Tuesday, January 24, 2017

Lilacs in a Watering Can

Lilacs in a Watering Can - Stage One
This painting was conceived in reverse.    I came across this beautiful little frame that had a 5x5 inch opening.   I have never used the 5x5 inch size, although I have been enjoying the square format.  It was simple enough to cut and mount a linen square and stretch onto a 5x5 barn board square.    With this style of the frame, I envisioned a painting depicting a delicate floral image of some kind.   Lavender or bluish flowers would be perfect complements to the silvery tone of the frame.    I created a square thumbnail drawing that seemed to have a "not too symmetric" feel.

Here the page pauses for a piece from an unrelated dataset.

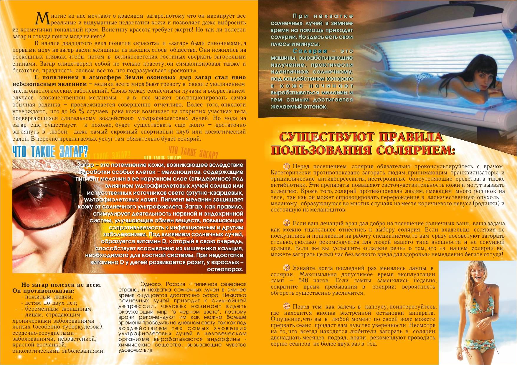 - Что нужно для солярия, чтобы получить самый полезный загар? Загар сам по себе не только не полезен, но и вреден. Потемнение кожи — это ее защитная реакция от ультрафиолета. В соляриях используются UVA-лучи — элемент солнечного спектра, вызывающий преждевременное старение кожи. Их чрезмерные дозы вызывают катастрофические последствия. «Результат может проявиться через 10 лет, — предупреждает врач дермакосметолог Ольга Забненкова, — когда в свои сорок вы будете выглядеть на шестьдесят». Также при особой любви к искусственному «солнцу» формируются стойкие пигментные пятна на переносице, скулах, над верхней губой, расширяются поры, происходит обострение вирусных заболеваний.

No fresh lilacs were available, but I found some fine images that were usable.   The light source in my favorite image was from the left so I imagined a nice country window casting light on the blooms, watering can and antique chair.

Thursday, January 19, 2017

Light and Shadow Winter Scene

Light and Shadow Winter Scene - Stage One

It was nice to be out in the fresh air, which, by the way was fairly mild for early January. Shadows in winter are long and can offer dramatic contrast in landscapes.   The sun was so low in this scene, despite it being midday, that the trees to the left (south) of me had shadows twice their height.  The bright strip behind the trees is Coast Guard Hill in Marshfield, MA, a popular sledding area.    The only hint of sledding on this school day however, was a couple of broken plastic saucers and hay bails at the base of the some cedars at the bottom.

Makeshift Palette Knife
Before the last cold snap, I cleared out my painting supplies from my painting vehicle.   I didn't want my gear to be exposed to sub-zero temperatures, but alas, I forgot I had done that.  I arrived at this location and discovered I didn't have mineral spirits or a palette knife.   Luckily my Gamblin's gel medium could substitute for the spirits.  In the past, I have used a credit card as a palette knife - not smart though, as the paint tends to clog the numbers.   A business card made a better palette knife substitute.  See photo.

There was a surprising amount of warm orange in the woods on the far side of the sledding hill. The warm color made the gray-blue snow look very pretty.  Nature was showing off and my job was to match the colors.   White snow is anything but white when painting it.  Shadows were blue, lavender and gray; sunlit snow was the palest notes of yellow, pink and green.

Light and Shadow Winter Scene
Additional saplings, branches and vines were carved into the snow, then the darkest darks were restated.   The shadows of the stone wall really set off the snowy blues.

Saturday, January 14, 2017

Curious Sheep - Ireland

Sheep at the Stone Wall

While exploring the countryside in Ireland we did a lot of walking.    Green pastures were dotted with sheep and often they were standing alongside the stone walls that separated one field from the next.   Unlike the cows, which would walk toward us and even "say hello," the sheep would just stare quietly.   It was as if our very presence caused them to become frozen in place, and they wouldn't make a sound.

Sunday, January 8, 2017

Allihies Dairy Farmer II

Dairy Farmer - County Clare
This painting depicts a dairy farmer in the southwestern Ireland, specifically the Beara Penninsula, which is the furthest western landmass, a part of County Clare.  The distant hills were covered in a patchwork of shades of green and pink.   In this field, a large steel milk drum on wheels sat near an old gate.    As the farmer walked to it, the cows followed him, as if they expected a treat.   More likely, they knew it was milking time.